Si è chiuso ieri l’appuntamento annuale con il Salone della Csr e della Innovazione Sociale: l’Università Commerciale Luigi Bocconi ha ospitato ancora una volta le aziende e le associazioni impegnate nella difficile – ma non utopica – costruzione di una nuova economia.

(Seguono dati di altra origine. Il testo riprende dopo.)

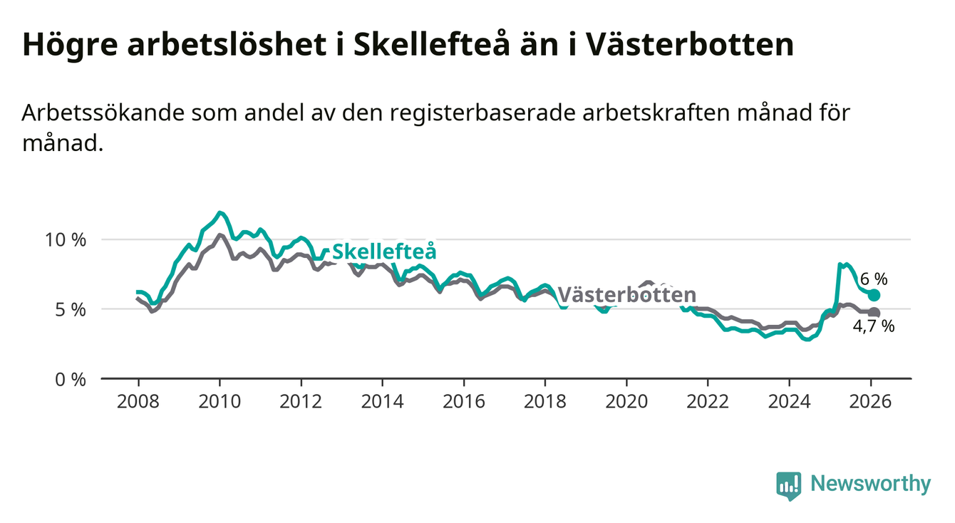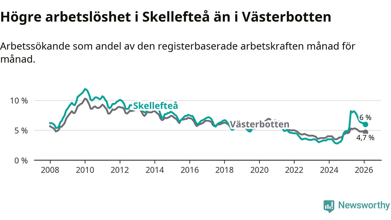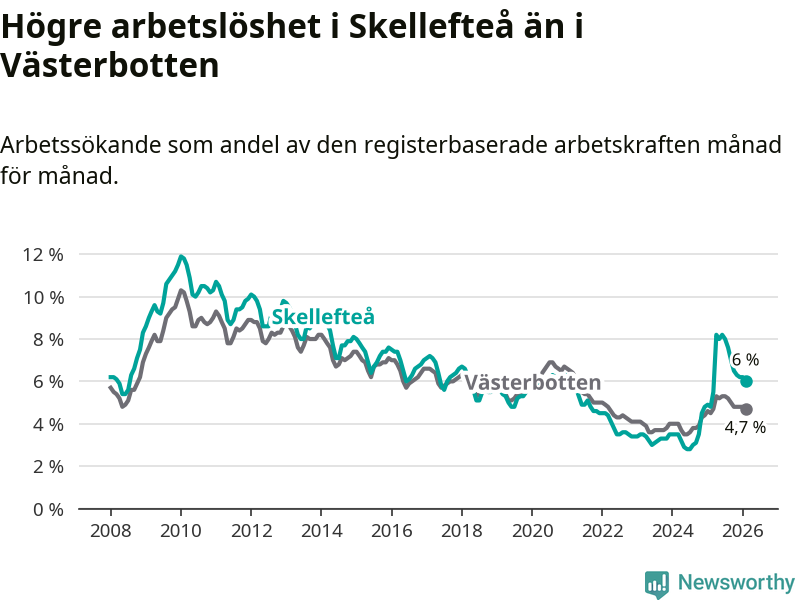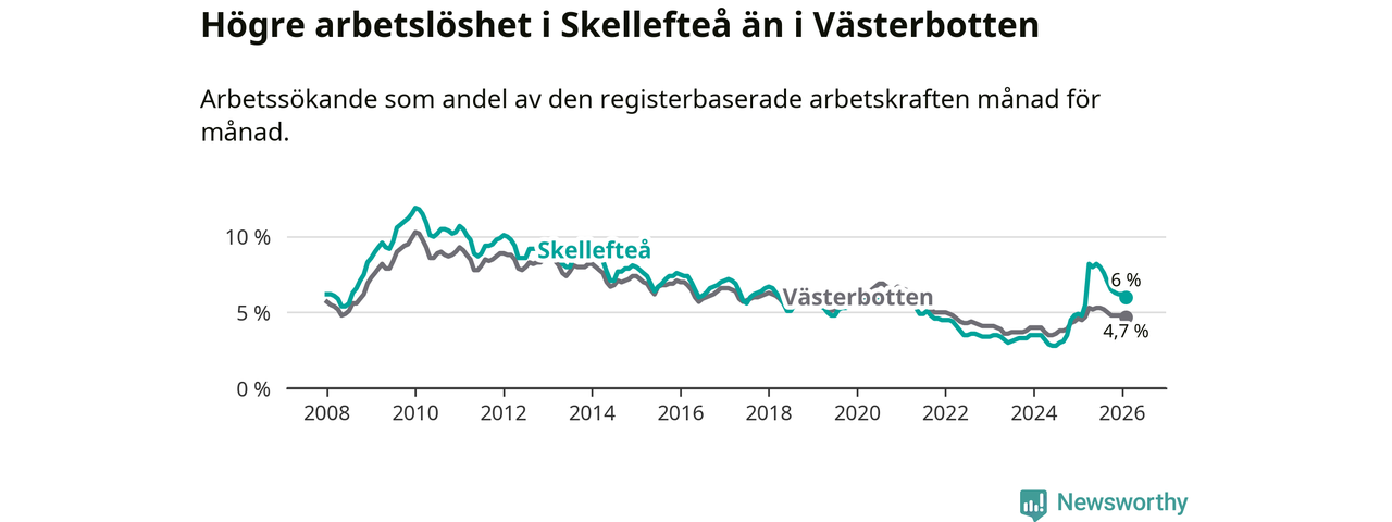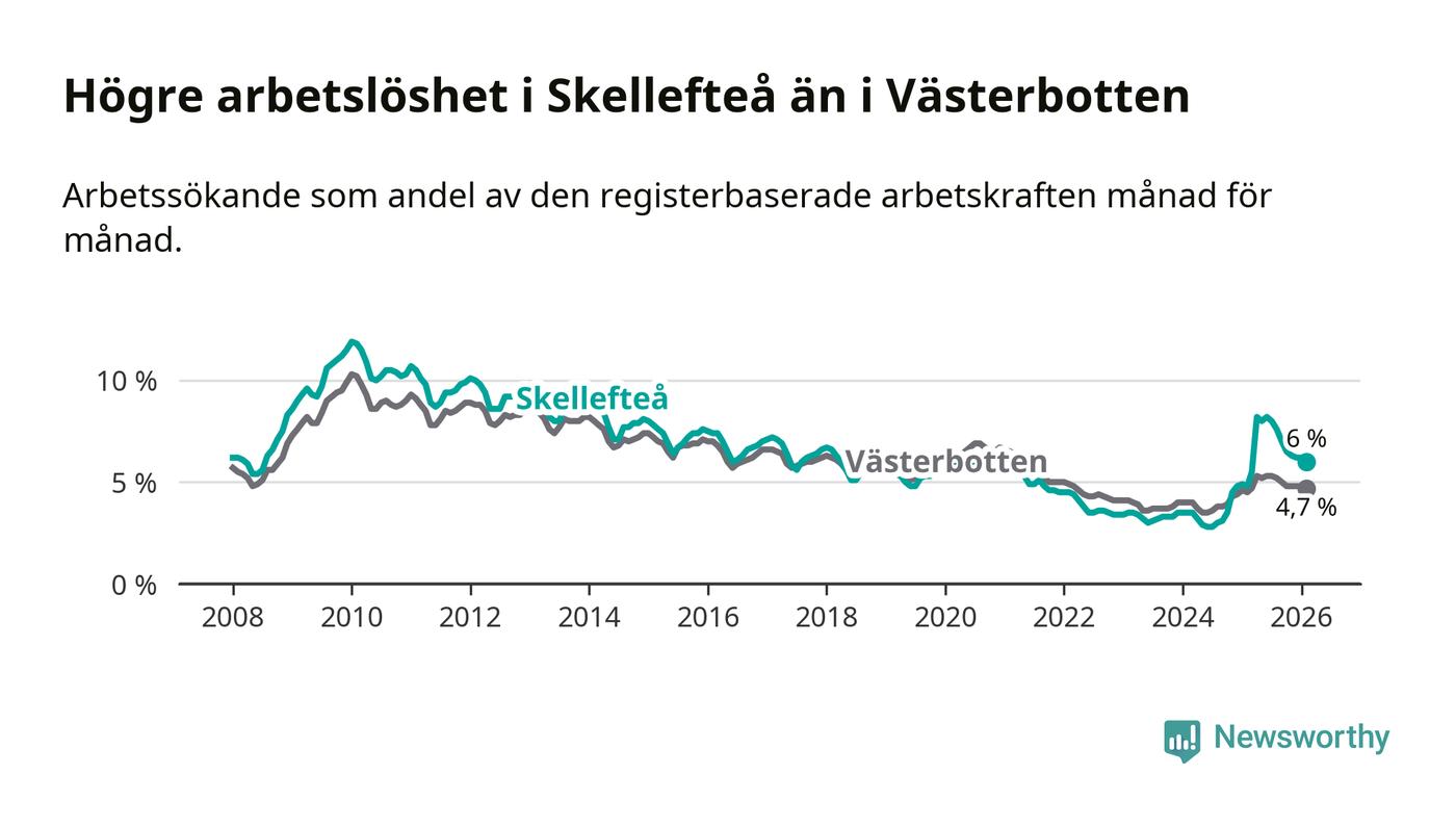 Under februari månad rapporterade Skellefteå kommun en total arbetslöshet på 6,0 procent. Det är en ökning jämfört med samma tidpunkt i fjol (+1,2 procentenheter). Även i Västerbottens län stiger arbetslösheten .

Pietra, vetro, cemento, forme squadrate ed essenziali: sembra  davvero una cittadella del futuro, la “nuova Bocconi” – come la chiamano gli studenti – un gioiello dell’architettura contemporanea che porta la firma del prestigioso studio dublinese Grafton Architect. Dentro, è tutto un via vai di gente che entra e che esce, senza fretta però: a dispetto dei 38000 mq di foyer, aule e scalinate, si respira un’atmosfera tranquilla, quasi salottiera e ognuno ha l’espressione di chi ha il tempo e la voglia di conversare a lungo. E davvero, ce n’è di che conversare al Salone della Csr e della Innovazione Sociale: valore condiviso, responsabilità sociale d’impresa, green economy, cash mob, commercio etico… concetti che, anni fa, per alcuni sapevano di un certo settarismo hippie e che oggi si configurano invece come le ineludibili linee guida della new economy, come principi con cui ogni impresa (volente o nolente) è tenuta a confrontarsi. Perché? Perché è cambiato il mondo, perché la crisi ha fatto da spartiacque e se è vero che ha azzerato delle certezze, è anche vero che ha aperto nuove vie: lo dimostra l’evidente (e di primo acchito, un po’spiazzante) eterogeneità dei partecipanti al Salone. Facciamo un esempio, anzi: due.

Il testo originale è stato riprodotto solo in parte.